It has been a crazy time here. So I am just getting to you post here.
Thank you for the prayers and the time in the River of Love.. I read something earlier, a poem from Daddy-O and in it Love was a swimming teacher...well not really but it was beautifully touching and clever...but it reminded me of the River of love flowing from the divine where we can bask at will. It was you and Aleah who created or revealed perhaps, this place between worlds that can so heal what sometimes seems inconsolable.
We got to visit with Geoff and some friends from US and Canada yesterday. What a joy that was. I hadn't really noticed before how quiet our life is here. It is just George and I for the most part, so it was wonderful to share a meal and some time with some spirit led people.
Our power is soon going to be cut off for a scheduled outage so I can't catch up much right now. but I hope you are feeling better now, Kim. We saw on the news it is already getting very cold up your way. Hard to imagine just a couple weeks ago Tiny and Dave were jumping in the waves of your great lake.
I used to think I was the ultimate scaredy cat, no let me rephrase that, I was the ultimate scaredy cat. Then I started thinking, "If I can converse with ghosts and not be the least bit afraid,... then I must be getting braver right? Within reason that is, still not going to find me doing that on the glass walkway over looking the Grand Canyon. Nope, no way man!
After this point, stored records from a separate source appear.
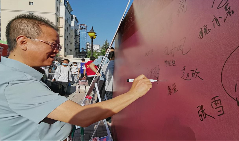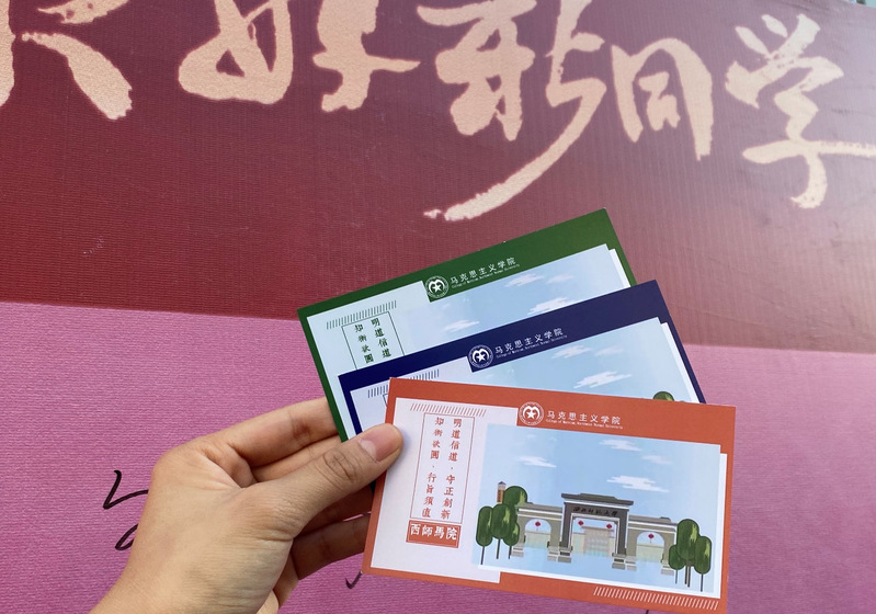 新生到达报到点填报个人信息后,在志愿者的引导下进入核酸检测环节,随后回到报到点领取学院专门为他们准备好的精心制作的明信片和精美的信封。学院专设了签名墙与梦想信箱,将德赢官网满满的信念感传达给每一位志同道合的新人们,用笔尖记录下每一个理想,用心灵承载真挚的马院之魂,让生活以真切的存在注满仪式感!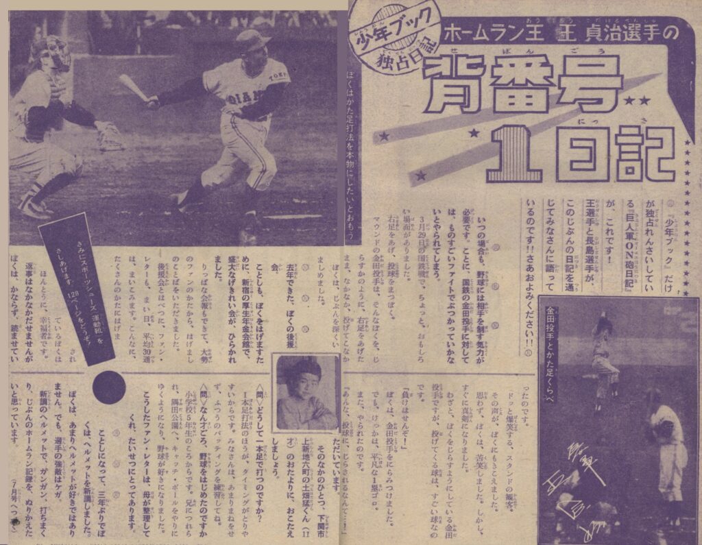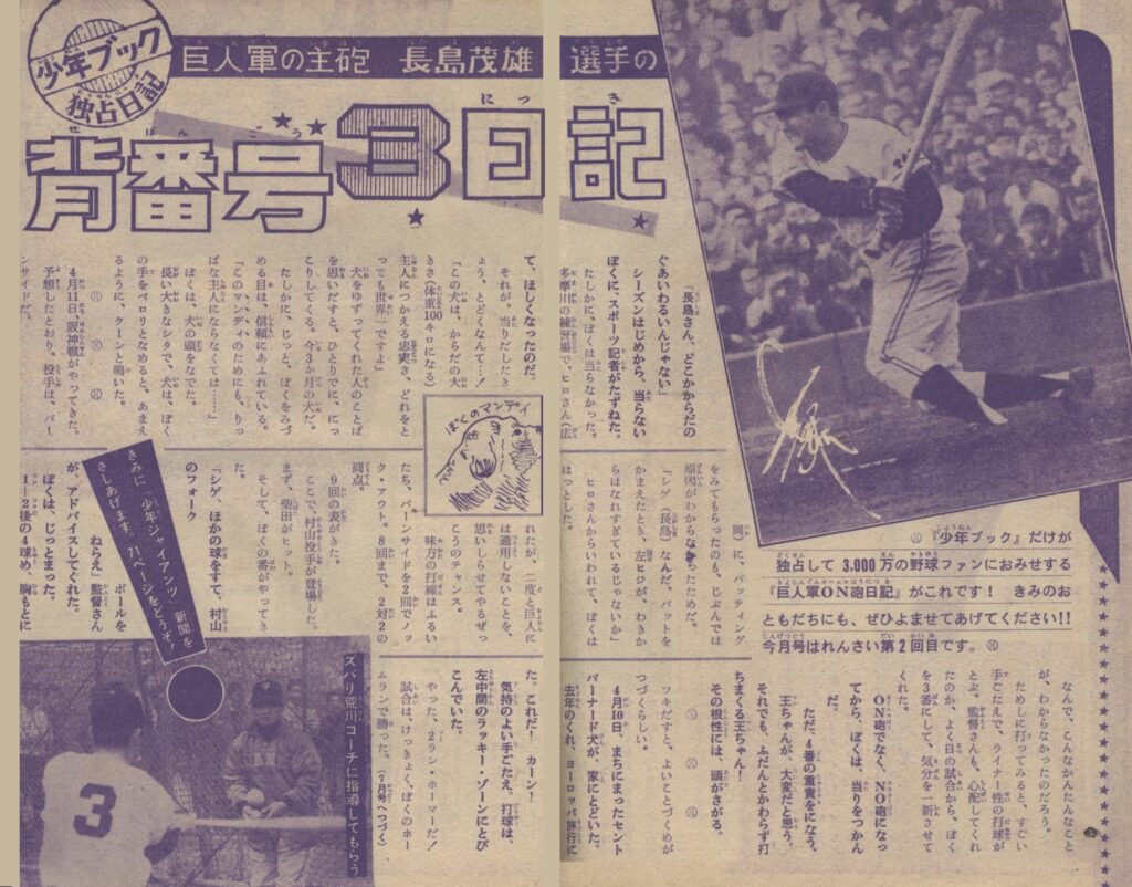 巨人軍のホームラン王 王貞治選手の背番号1日記と主砲長島茂雄選手の背番号3日記 『少年ブック』 だけが独占連載している 『巨人軍ON砲日記』 が謳い文句の連載記事。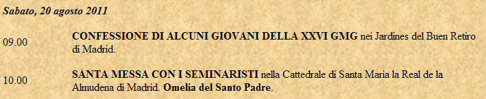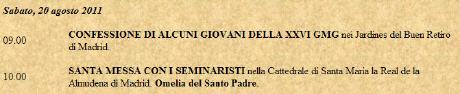 Vendredi, Benoît XVI rencontrera les jeunes religieuses au monastère d '«El Escorial». Il parlera ensuite à 1000 professeurs de collège pour discuter du rôle qu'ils jouent dans l'éducation des jeunes.

No way, sounds like a good theme for the next action movie...What kind of crazy person thought that would be a good idea? LOL Okay...I guess there are plenty of people that have no fear of heights or for their life and I suppose they would enjoy it...But it's good solid granite for my feet and that's well away from the Canyon"s rim.
I hope PP is okay and settled now. The Canadian friends we just met with are in her summer "neck of the woods". Vancouver. I believe PP is still on V Island whereas they are outside of Vancouver in Gibson.
I think I am learning to know my bird friends on their terms and not mine. Not sure what I am trying to say here. They do understand language but more so where it springs from, images, feelings..mindal heart.... and they respond in kind with patience and practice. I've only had a few successes so far but then I don't practice nearly enough. Love is the basis of just about everything if not everything...all beings on this planet are capable of responding to love in kind.... universal language you know...Your on-going experiences with your birds sounds...magical. That's the way it feels for me with kids. Stepping into their space for a little while is spiritual sustenance for me, the same for flowers. You can talk about birds anytime. We can pull out all the books we for identifying, and learning everything about them. Our family loves birds, always seizing the opportunity to stop what were doing to appreciate their wonderment. Dave is great at identifying the songs of the ones around here. My sister and I send pictures back and forth all the time of birds and flowers.
Okay the power line workers are chattering away outside so I had better sign off.